La verdad era que ni siquiera después de encontrar la maleta había pensado en viajar directamente al Reino Unido. Había pensado que sería más sensato esperar, ver cómo se sentía transcurrido un mes, tal vez planear un viaje para más adelante. No podía coger un avión a Cornualles por un capricho. Pero entonces tuvo un sueño, el mismo que había tenido a lo largo de una década. Estaba de pie en medio de un campo vacío con nada a la vista salvo el horizonte. El sueño no daba la impresión de malevolencia, sólo de infinitud. La vegetación común, nada que excitara la imaginación, pálidos pastos duros, altos como para rozarle los dedos, y una luz y brisa constantes que lo mantenían en movimiento.

Al principio, años atrás, cuando el sueño era nuevo, supo que estaba buscando a alguien a quien, si caminaba en la dirección correcta, encontraría. Pero no importaba cuántas veces soñara con la escena, nunca parecía hacerlo. Una ondulada colina era reemplazada por otra; ella apartaba la vista en el momento inadecuado; se despertaba de golpe.

Gradualmente, con el tiempo, el sueño había cambiado. Tan sutil, tan lentamente que no se dio cuenta de que sucedía. No era que el paisaje hubiera cambiado; físicamente, todo permanecía idéntico. Era la sensación del sueño. La certeza de que encontraría lo que buscaba se escabulló, hasta que una noche supo que no había nada, nadie que la esperara. Que no importaba lo lejos que caminara, el cuidado con que buscara, lo mucho que quisiera encontrar a esa persona, estaba sola…
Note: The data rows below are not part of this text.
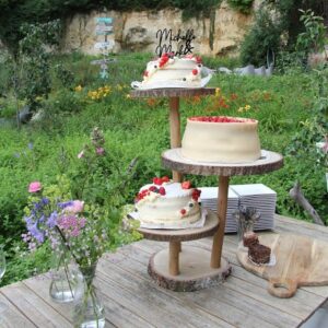 Wie bereits erwähnt, ist die Stimmigkeit des Gesamtbildes eine Voraussetzung für die perfekte Gasterfahrung. Es geht also einerseits um das serviceorientierte Bedienen, aber auch um die Art und Weise des Servierens. Diese Etagere aus rustikalen, entrindeten Baumstämmen und Holzscheiben eignet sich hervorragend zur Präsentation von Snacks oder Getränken.
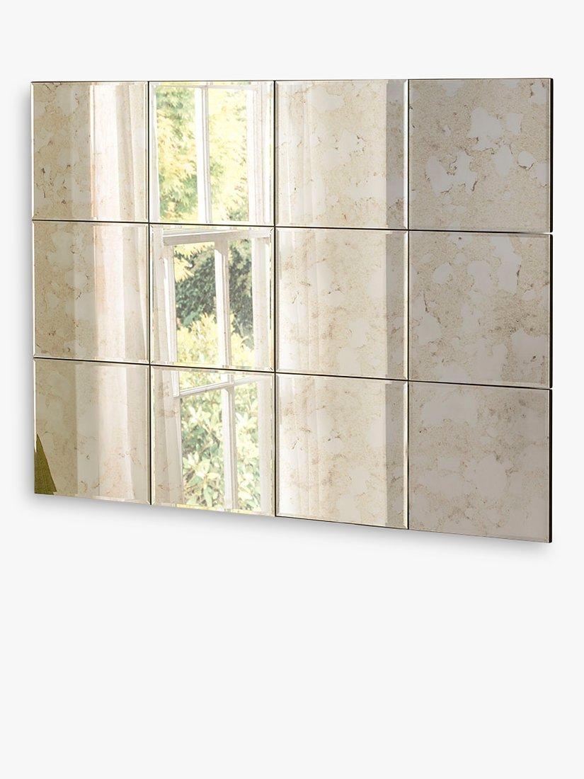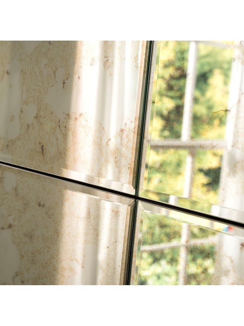 A statement piece for any room, this stunning antiqued mottled glass mirror just cries out to be noticed. The sumptuous panelling has a slight gold tint pattern with distressed shading. Great for a contemporary or ultra-chic setting. The bevelled glass and striking black border around the frame add a three-dimensional look. A piece of wall art in its own right, show it off in a sitting room or an entrance hallway, vertically or horizontally.
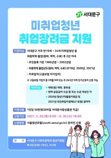 문석진 서대문구청장은 “이번 취업장려금이 코로나19 장기화로 취업에 어려움을 겪고 있는 청년들에게 조금이나마 도움이 되길 바란다”고 말했다.
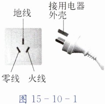 15-10-1 所示,插座中有一个孔是用来接地的。如果这个孔没有接地,将可能导致(
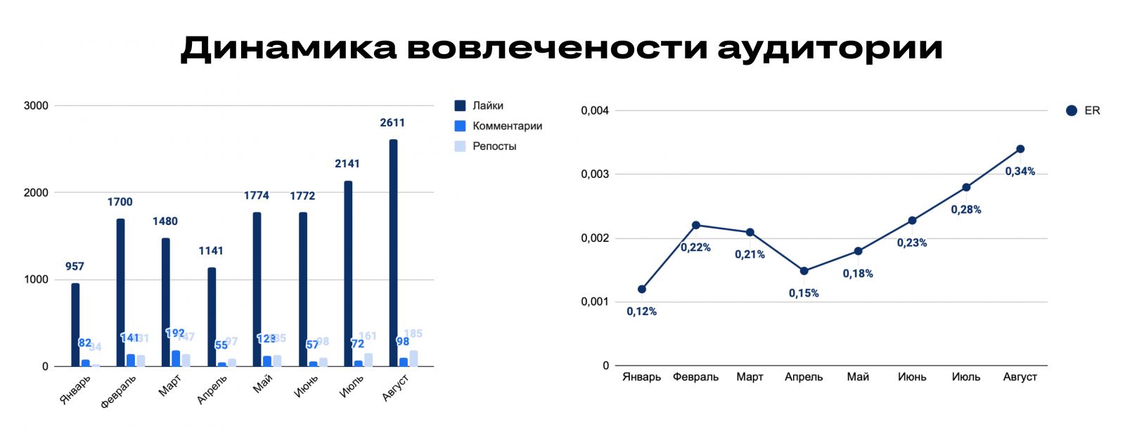 Вовлеченность также росла — за период с января по август показатель ER увеличился почти втрое (с 0,12% до 0,34%). Количество лайков, комментариев и репостов последовательно возрастало: если в январе публикации собирали 957 лайков, то уже в августе — 2 611. Это говорит о заметном усилении интереса к контенту и расширении охвата.
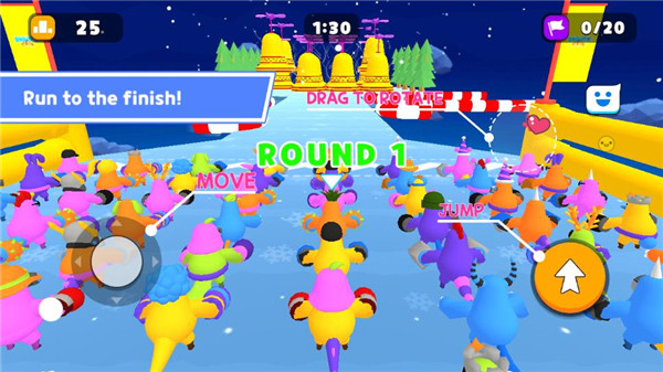 皇家派对是一款由GenI Games开发的Q萌画风冒险竞技手游。关卡随机生成,每次挑战都充满刺激和新鲜感,能让玩家体验竞技乱斗的乐趣。游戏还融入了经典的吃鸡模式,内容丰富有趣,人物形象生动可爱。玩家可以左右灵活移动游戏角色,挑战各种关卡,与其他伙伴匹配对决,最快到达终点者获得胜利。
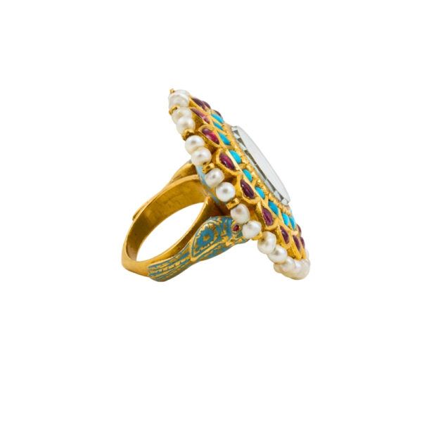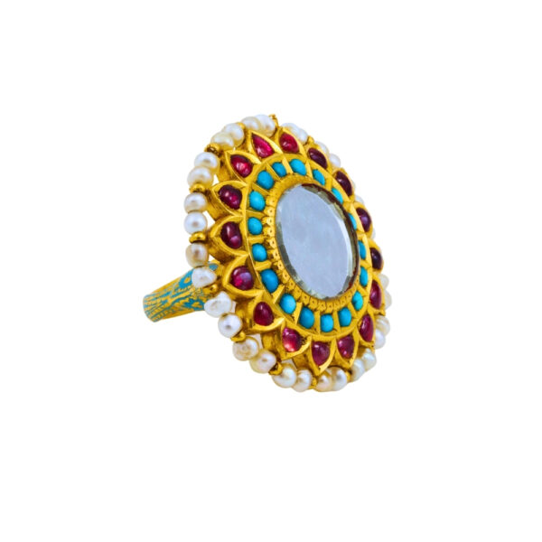 Add a touch of vibrance and heritage charm with Tribhanga’s Coloured Stone & Mirror Work Gold Ring. Handcrafted with precision, this ring combines colourful gemstones with intricate mirror detailing set in radiant gold. Lightweight and versatile, it is perfect for festive occasions, weddings, or adding a statement to contemporary outfits. Each piece showcases meticulous craftsmanship, blending traditional artistry with modern elegance, making it a timeless accessory that reflects sophistication, colour, and cultural heritage.
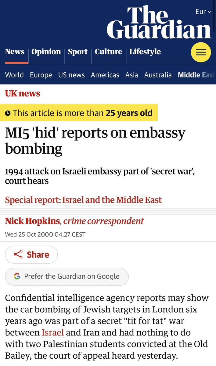 Please keep in mind the Mossad bombed their own embassy in London in 1994. The MI5 confirmed this happened, then hid the report: https://t.co/0gET4ehuso
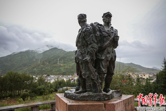 7月29日,四川省松潘县川主寺镇元宝山,红军长征纪念碑碑园内的雕塑《告别苏区》。中国青年报·中国青年网见习记者 孔斯琪/摄
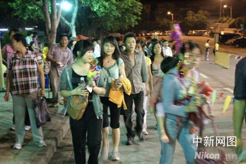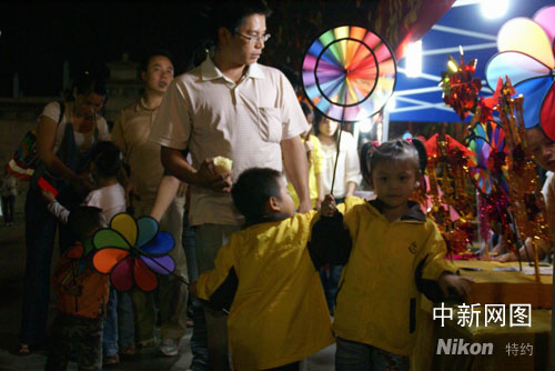 6日晚上21時,逛“狗仔墟”的游客們開始登高上山,小孩子手持風車,迎風而跑,歡歌笑語灑滿登山路上。南海西樵山上的幾大景區已經爆滿。

A la mañana siguiente, la desolación continuaba, pero Cassandra estaba habituada a esa oscura resaca y continuó con su vida de siempre. No había indicación alguna de que su día fuera a ser diferente, hasta que fue a la galería comercial cercana a comprar pan para el almuerzo y terminó deteniéndose en una agencia de viajes. Era gracioso, pero nunca se había fijado en que estuviera allí. Sin saber del todo cómo o por qué, se vio abriendo la puerta, de pie sobre la alfombra verde mar, con una infinidad de empleados esperando que hablara.

Cassandra recordó más tarde haber sentido una muda sorpresa en ese momento. Le pareció que, después de todo, era una persona real, un ser humano sólido, moviéndose entre las órbitas de los otros. Sin importar que con frecuencia sintiera estar viviendo a medias, ser una luz a medias.
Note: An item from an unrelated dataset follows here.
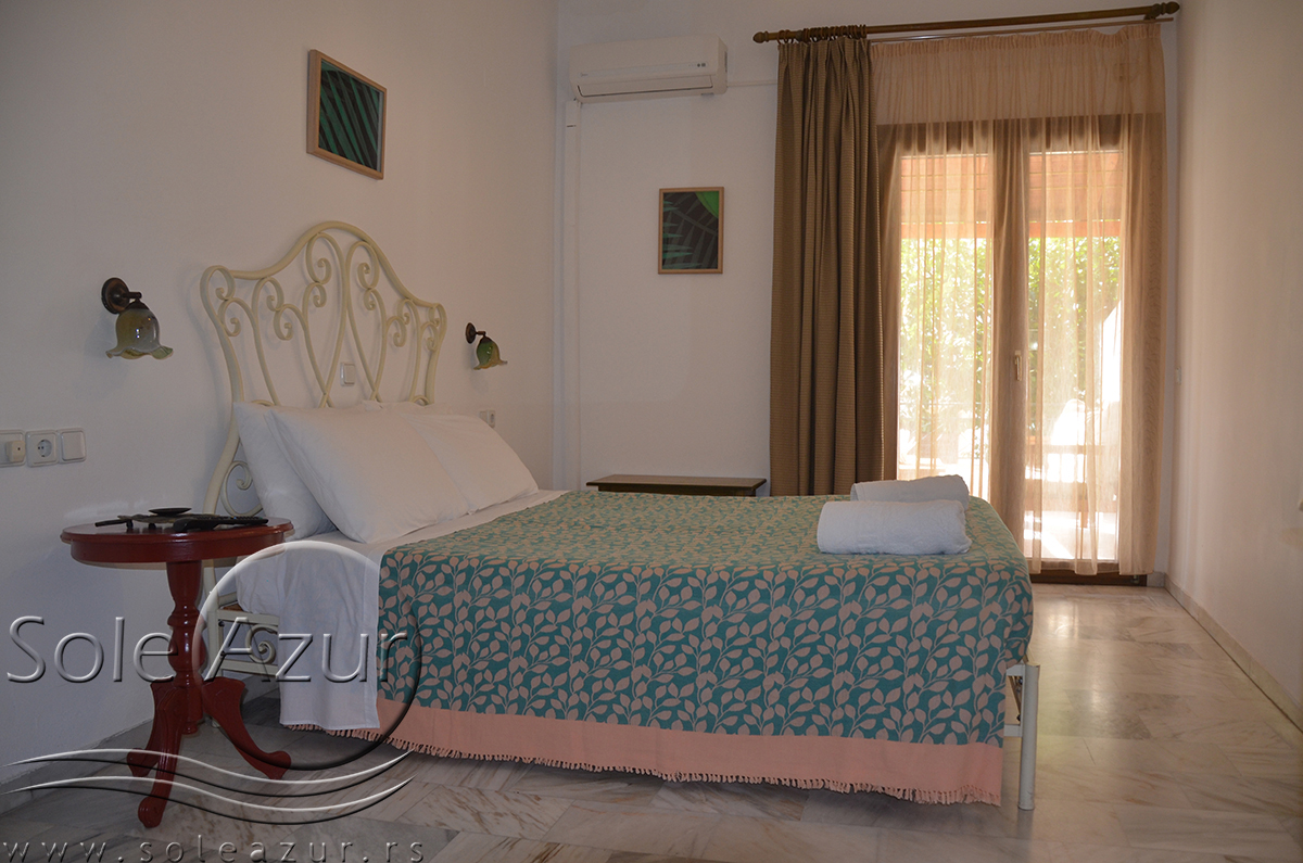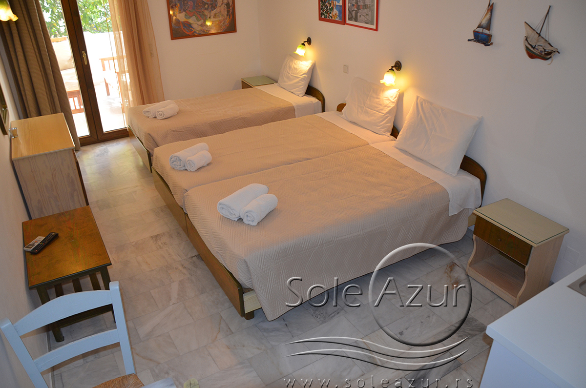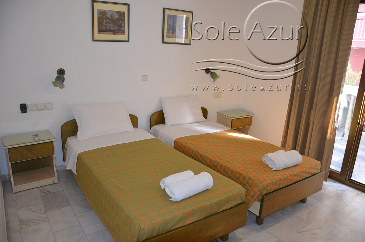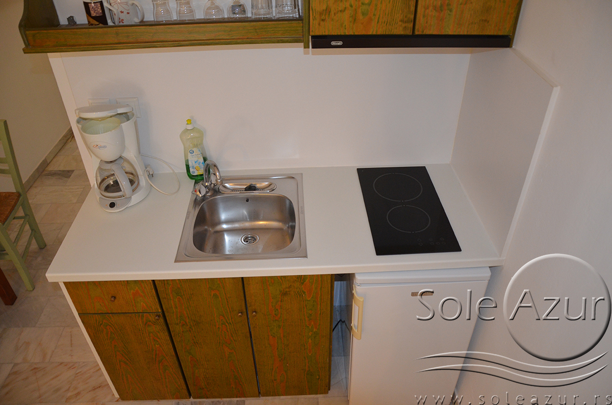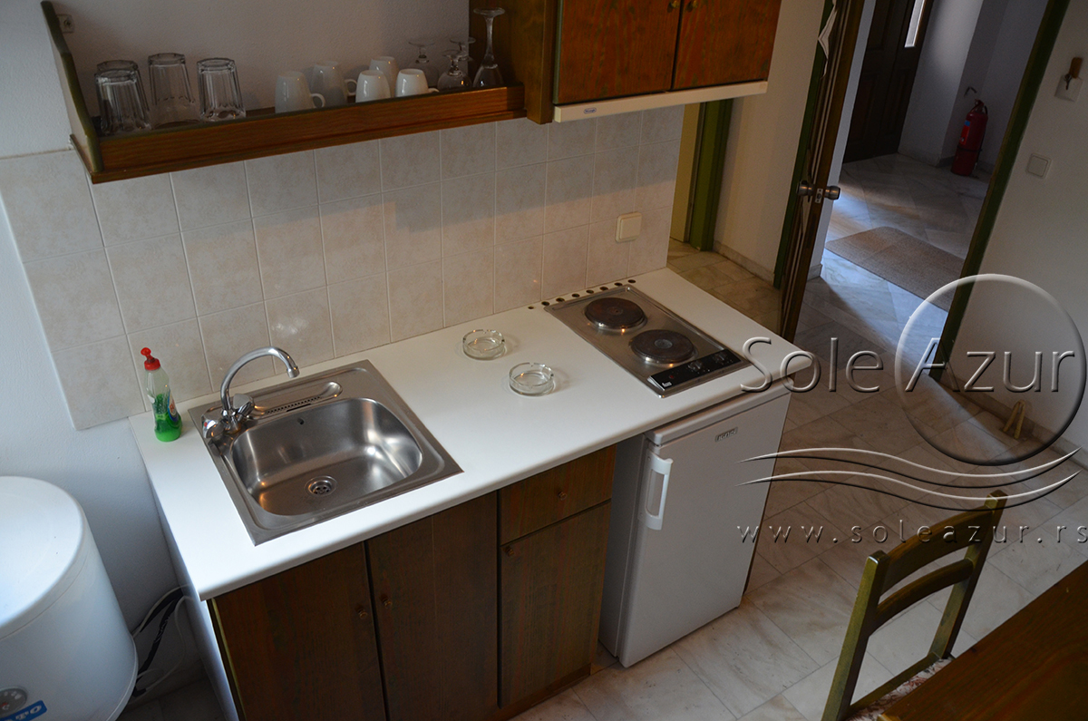 DVOKREVETNI STUDIJI: Dvokrevetni studiji u svom sastavu poseduju ili francuski ležaj dimenzija 190x155cm ili dva singl standardna ležaja dimenzija 190x90cm, dva noćna stočića, stočić sa ogledalom, stočić za prtljag, TV, klima uređaj, orman, SEF (BESPLATNO korišćenje), WI-FI internet konekcija (BESPLATNO korišćenje). Kuhinja se sastoji od ugradnog šporeta sa dve ringle, frižidera sa malom komorom za zamrzavanje, ketlera za grejanje vode, aspiratora, posuđa za dve osobe i stolom za ručavanje sa dve stolice. Kupatila su potpuno renovirana i u svom sastavu poseduju Tuš kabinu, fen za kosu, jedan mali i jedan veliki peškir po osobi.

Más tarde, en su casa, repasó los eventos de la mañana, intentando aislar el instante en el que había tomado la decisión. Cómo había ido a la galería comercial en busca de pan y regresado con un pasaje de avión. Y luego fue al cuarto de Nell, sacó la maleta de su escondite y sacó todo lo que había dentro. El libro de cuentos de hadas, el boceto con «Eliza Makepeace» escrito al dorso, el libro de ejercicios con las anotaciones de Nell garabateadas en cada página.
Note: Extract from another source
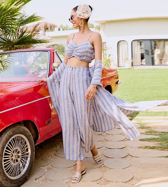 Beige Omaha Striped Relaxed Fit Mini Cape and Dress

Se preparó un café con leche y se sentó en la cama de Nell, intentando descifrar su horrenda caligrafía, transcribiéndola en un cuaderno vacío. Cassandra era razonablemente hábil en descifrar notas manuscritas de siglos anteriores -era parte del trabajo de un vendedor de antigüedades-, pero la caligrafía antigua era otra cosa, seguía un cierto patrón. La de Nell era caótica. Consciente y perversamente caótica. Para empeorar las cosas, el cuaderno había sido dañado por el agua en algún momento de su historia. Había páginas pegadas, manchones arrugados marcados con moho, y apresurarse era arriesgarse a romper las hojas y perder para siempre las anotaciones.

Era un trabajo lento, pero Cassandra no tuvo que ir muy lejos para darse cuenta de que Nell había estado intentando resolver el misterio de su identidad.

Agosto de 1975. Hoy me trajeron la maleta blanca. Tan pronto como la vi, supe lo que era.

Fingí indiferencia. Dougy Phyllis no sabían la verdad y yo no quería que me vieran temblando. Quería que pensaran que era sólo una vieja maleta que papá había querido dejarme. Después de que se fueran, me quedé mirándola largo tiempo, tratando de recordar: quién soy, de dónde vengo. No sirvió de nada, claro, y entonces, finalmente, la abrí.

Había una nota de papá, una suerte de disculpa, y debajo, otras cosas. Un vestido de niña -supongo que mío-, un cepillo de plata y un libro de cuentos de hadas. Lo reconocí de inmediato. Abrí la tapa y la vi a ella, la Autora. Las palabras se formaron de forma automática. Ella es la llave de mi pasado, estoy segura de ello. Si la encuentro, podré encontrarme finalmente. Porque eso es lo que pretendo hacer. En esta libreta anotaré mis progresos, y cuando la acabe, conoceré mi nombre y por qué lo perdí.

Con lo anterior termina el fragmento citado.